What is needed
The listing below is to be given again in full and word for word, without its images.

** Opening Information provided block **

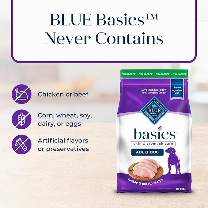 - Contains: One (1) 24-lb. bag of BLUE Basics Grain-Free Adult Dry Dog Food, Limited Ingredient Diet, Turkey, 24 lbs.
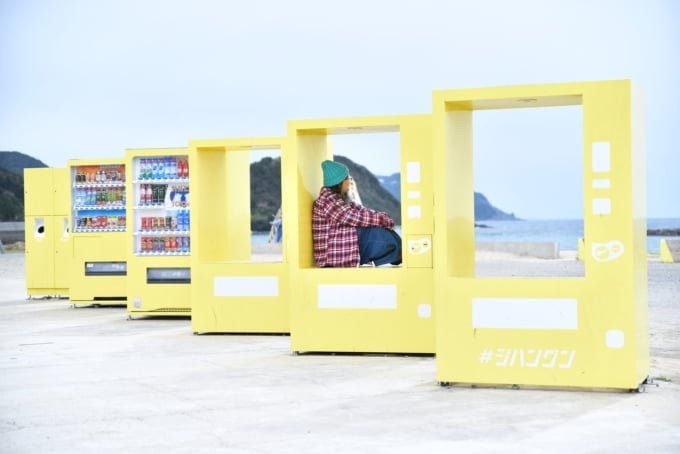 #チハングン は海沿いの駐車場にあるフォトスポットです。 6台の黄色い自動販売機のうち、2台は実際に稼働する機械が隠れています。このインスタレーションを制作したのは、福岡を拠点とするデザイン会社STUDIO MOVE。 #ジハングンに加えて、近くには黄色いブランコもあり、写真を撮るチャンスがたくさんあります。
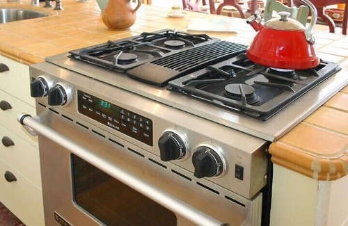 The professional kitchen looks beyond the dining room to spectacular views of the mouth of the Russian River as it meets the sea. The kitchen has all new appliances: large gas stove, family-size refrigerator, two stainless prep sinks, microwave, toaster, blender, coffee maker, and gourmet cooking supplies. We suggest dinner on the patio for evening gatherings or on the expansive deck overlooking the dramatic river and ocean views.
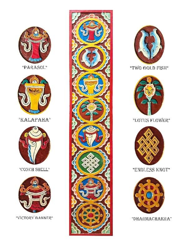 By employing this traditional coloring method, the Ashtamangala is not only aesthetically pleasing but also maintains its cultural authenticity, paying homage to the rich traditions and practices associated with Buddhist art.

** Closing Information provided block **

Response to the exercise
 - Contains: One (1) 24-lb. bag of BLUE Basics Grain-Free Adult Dry Dog Food, Limited Ingredient Diet, Turkey, 24 lbs.
 #チハングン は海沿いの駐車場にあるフォトスポットです。 6台の黄色い自動販売機のうち、2台は実際に稼働する機械が隠れています。このインスタレーションを制作したのは、福岡を拠点とするデザイン会社STUDIO MOVE。 #ジハングンに加えて、近くには黄色いブランコもあり、写真を撮るチャンスがたくさんあります。
 The professional kitchen looks beyond the dining room to spectacular views of the mouth of the Russian River as it meets the sea. The kitchen has all new appliances: large gas stove, family-size refrigerator, two stainless prep sinks, microwave, toaster, blender, coffee maker, and gourmet cooking supplies. We suggest dinner on the patio for evening gatherings or on the expansive deck overlooking the dramatic river and ocean views.
 By employing this traditional coloring method, the Ashtamangala is not only aesthetically pleasing but also maintains its cultural authenticity, paying homage to the rich traditions and practices associated with Buddhist art.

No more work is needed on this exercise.